Tan violentas eran las sacudidas, que se comprendían los temores de Raskolnikof. Momentáneamente concibió la idea de sujetar el cerrojo, y con él la puerta, pero desistió al comprender que el otro podía advertirlo. Perdió por completo la serenidad; la cabeza volvía a darle vueltas. «Voy a caer», se dijo. Pero en aquel momento oyó que el desconocido empezaba a hablar, y esto le devolvió la calma.
—¿Estarán durmiendo o las habrán estrangulado? —murmuró—. ¡El diablo las lleve! A las dos: a Alena Ivanovna, la vieja bruja, y a Lisbeth Ivanovna, la belleza idiota... ¡Abrid de una vez, mujerucas...! Están durmiendo, no me cabe duda.
Estaba desesperado. Tiró del cordón lo menos diez veces más y tan fuerte como pudo. Se veía claramente que era un hombre enérgico y que conocía la casa.
En este momento se oyeron, ya muy cerca, unos pasos suaves y rápidos. Evidentemente, otra persona se dirigía al piso cuarto. Raskolnikof no oyó al nuevo visitante hasta que estaban llegando al descansillo.
—No es posible que no haya nadie —dijo el recién llegado con voz sonora y alegre, dirigiéndose al primer visitante, que seguía haciendo sonar la campanilla—. Buenas tardes, Koch.
«Un hombre joven, a juzgar por su voz», se dijo Raskolnikof inmediatamente.
—No sé qué demonios ocurre —repuso Koch—. Hace un momento casi echo abajo la puerta... ¿Y usted de qué me conoce?
—¡Qué mala memoria! Anteayer le gané tres partidas do billar, una tras otra, en el Gambrinus.
—¡Ah, sí!
—¿Y dice usted que no están? ¡Qué raro! Hasta me pared imposible. ¿Adónde puede haber ido esa vieja? Tengo que hablar con ella.
—Yo también tengo que hablarle, amigo mío.

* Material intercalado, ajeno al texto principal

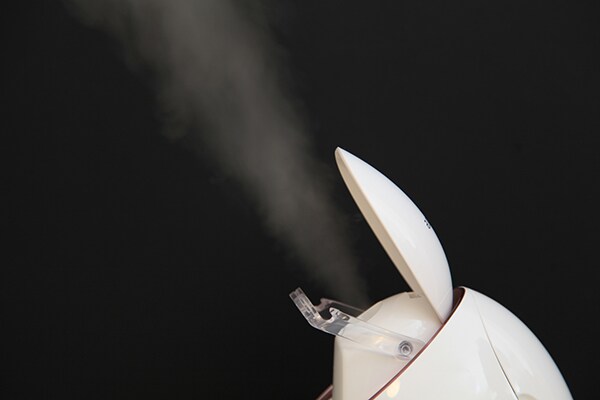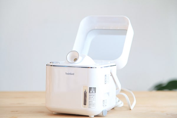 小型の炊飯器のような形をしているこちらは、本体に直接水を注ぎこむタイプ。フタを開けると鏡が付いているからメイク落としの際にも便利で、噴霧口の角度を変えればデコルテの保湿もラクチンです。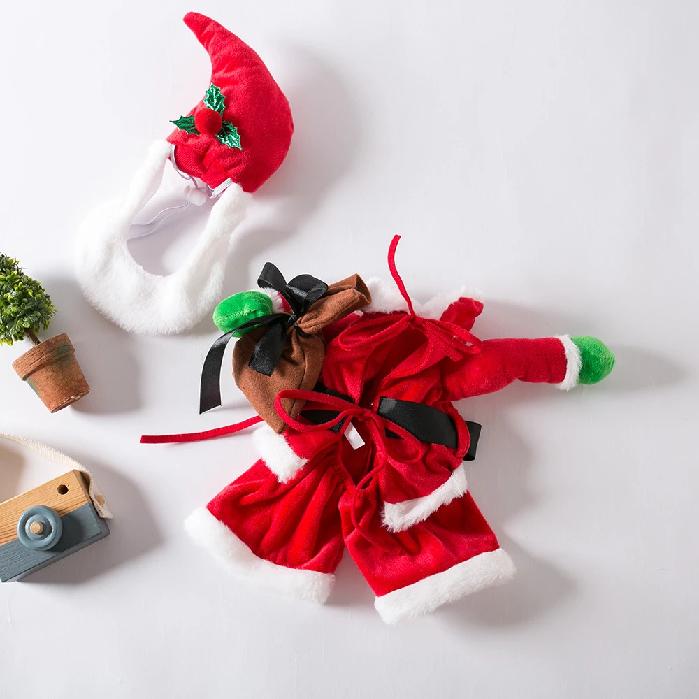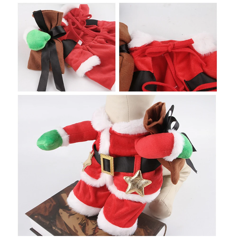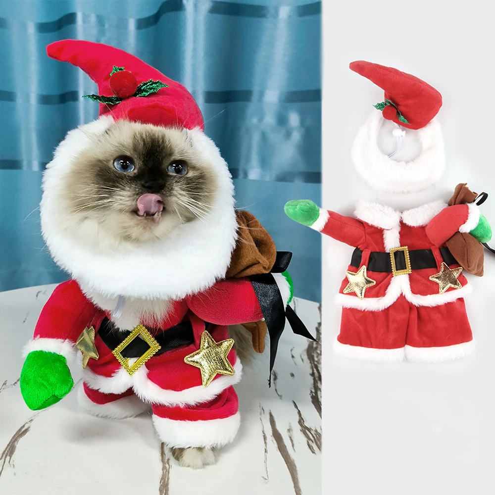 Disfraz de Papá Noel para perros y gatos, ropa de Navidad para mascotas, abrigo divertido para cachorros, traje de chaqueta con gorro, ropa cálida de invierno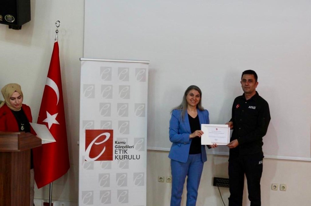Açış konuşmasını Kurul Üyemiz Prof. Dr. Erkan İBİŞ’in yaptığı eğitim, AFAD Başkanlığı merkez ve taşra teşkilatında görev yapan 28 personelin katılımıyla gerçekleşmiş olup, katılımcılara etik eğitici belgeleri verilmiştir.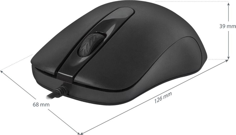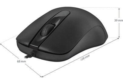 Тип подключения Проводной, Интерфейс подключения USB, Количество кнопок 3 + колесо-кнопка, Тип сенсора Оптический, Разрешение 1000/1200 dpi, Минимальное значение DPI 1000 dpi, Максимальное значение DPI 1200 dpi, Количество нажатий 5 миллионов, Цвет Чёрный, Длина кабеля 1.5±5% м, Системные требования для ПК Windows 2000/XP/Vista/7/8/10, Mac OS X10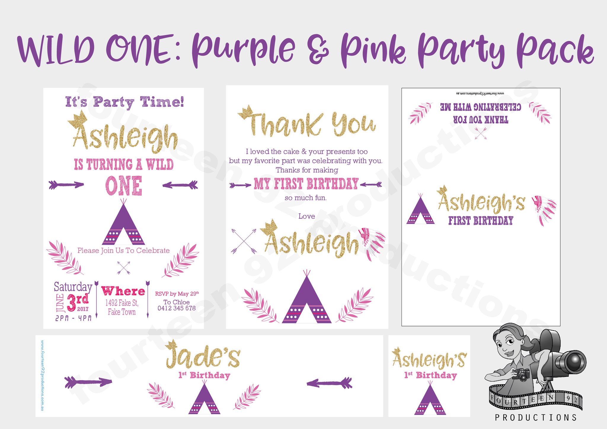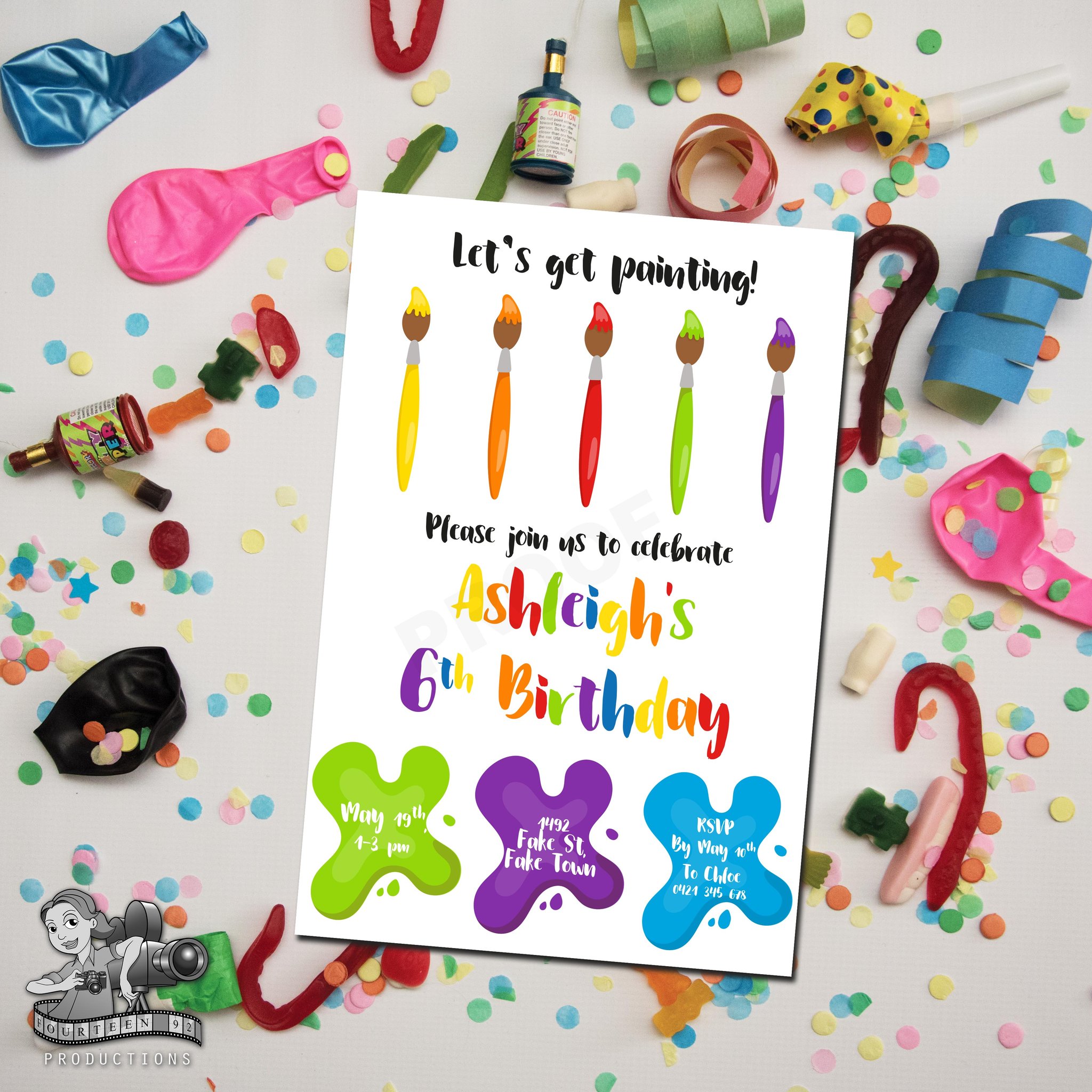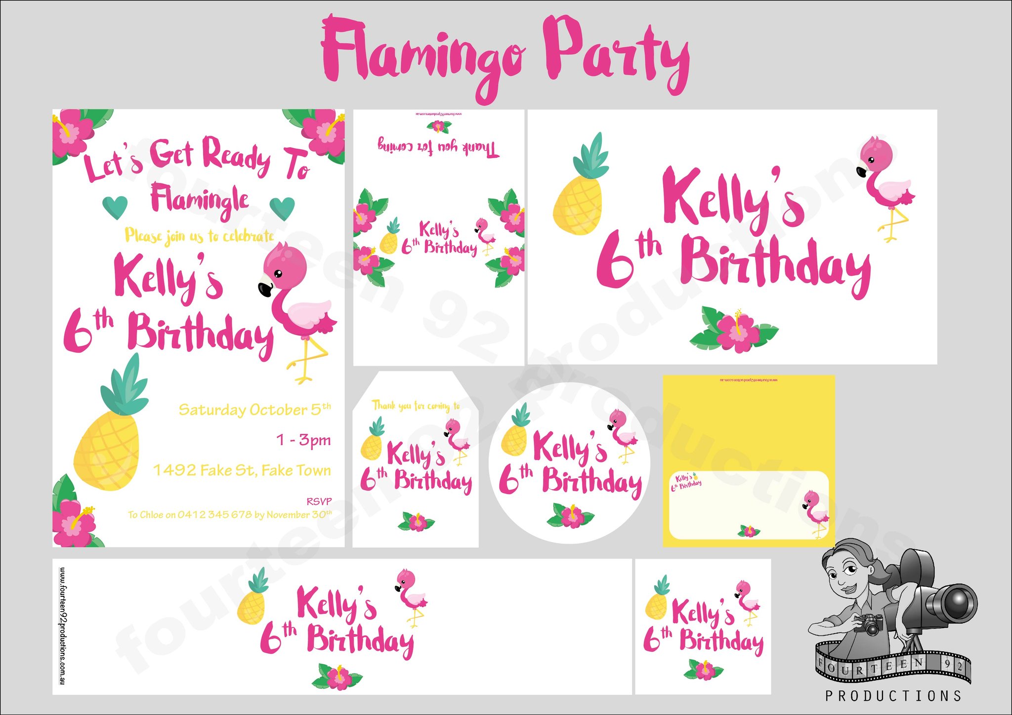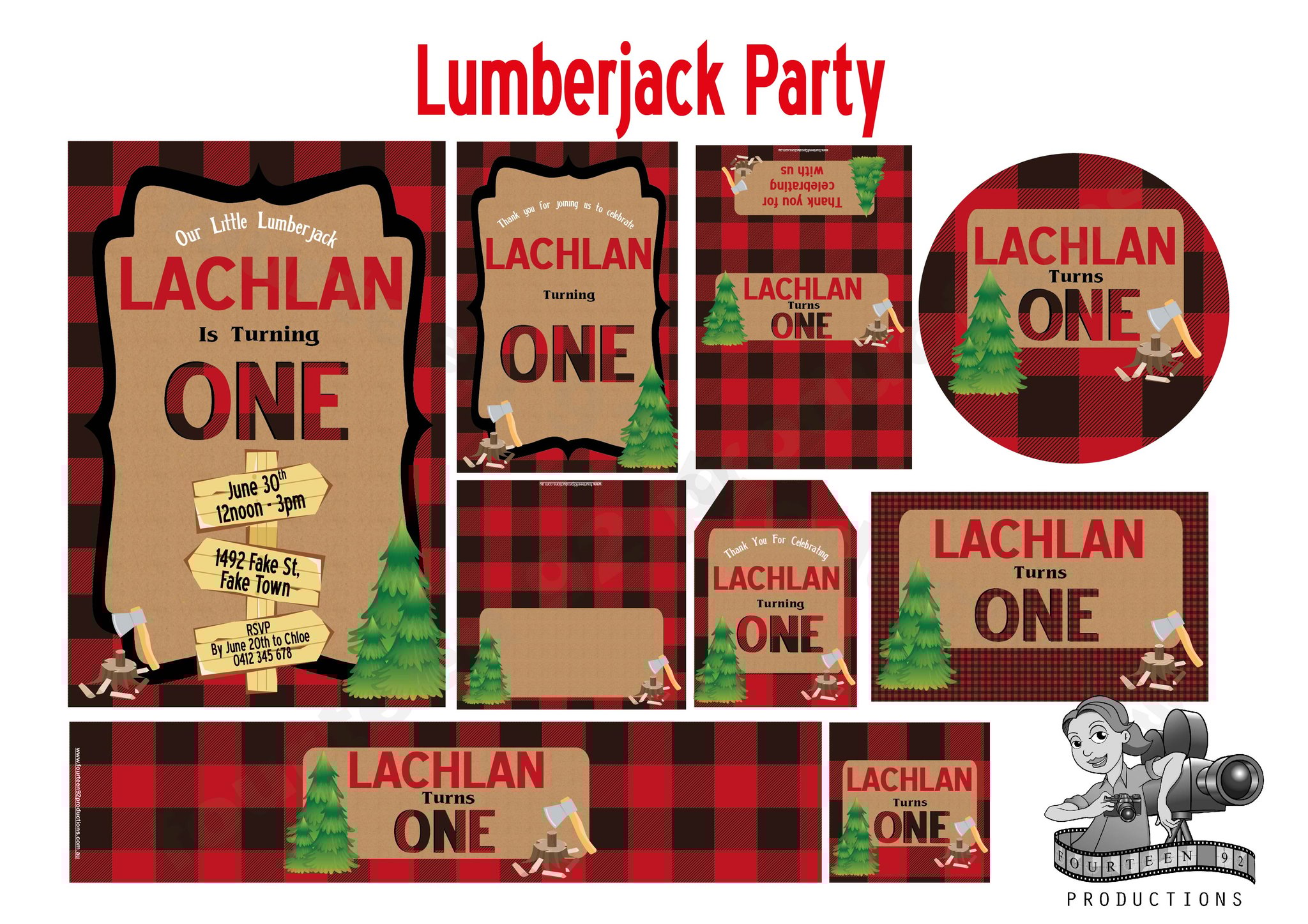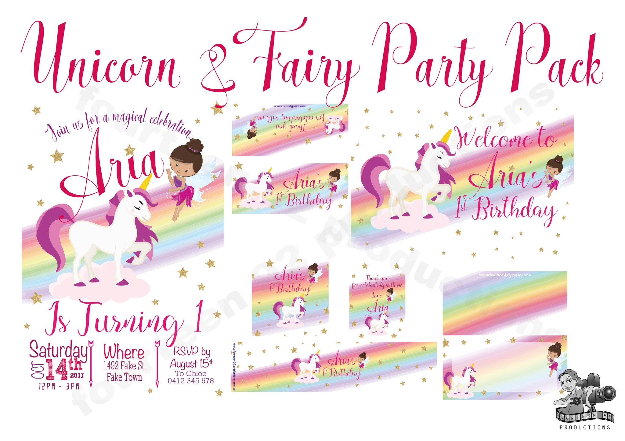 Invites (10x15cm Size) | Water Bottle Labels (350ml Size or 600ml Size) | Pop Top Labels (5x5cm size) | Chocolate Wrappers (Aldi 40g. or 200g Choc. Bars)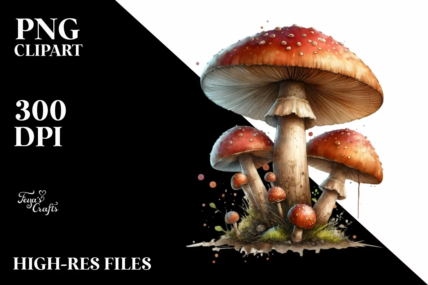 Nature Glossy Forest Garden Detailed Mushroom Plants Enchanted Whitebackground Watercolorsplash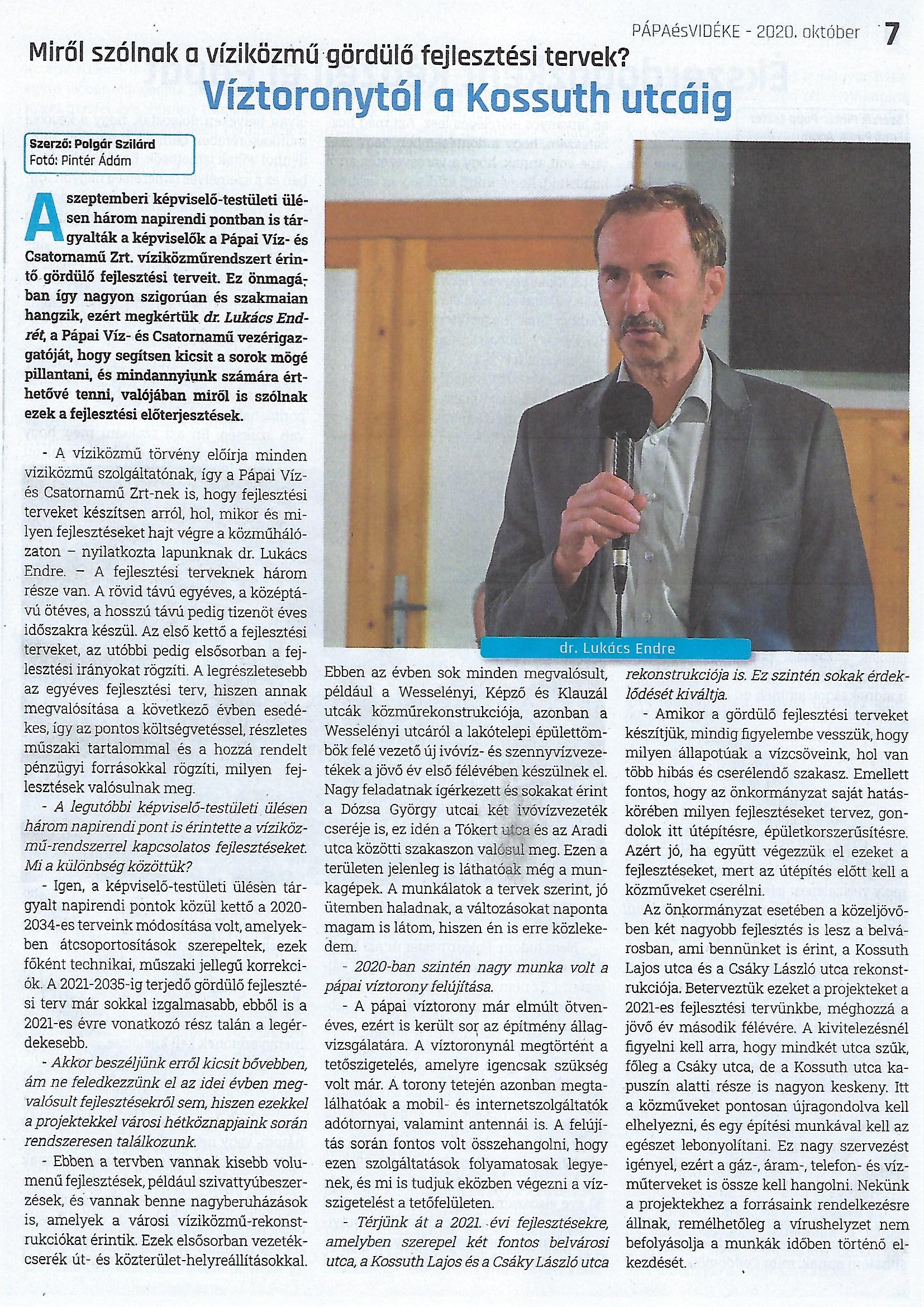 A Pápai Vízmű Zrt. közleménye

—¡Qué le vamos a hacer! —exclamó el joven—. Nos tendremos que ir por donde hemos venido. ¡Y yo que creía que saldría de aquí con dinero!
—¡Claro que nos tendremos que marchar! Pero ¿por qué me citó? Ella misma me dijo que viniera a esta hora. ¡Con la caminata que me he dado para venir de mi casa aquí! ¿Dónde diablo estará? No lo comprendo. Esta bruja decrépita no se mueve nunca de casa, porque apenas puede andar. ¡Y, de pronto, se le ocurre marcharse a dar un paseo!
—¿Y si preguntáramos al portero?
—¿Para qué?
—Para saber si está en casa o cuándo volverá.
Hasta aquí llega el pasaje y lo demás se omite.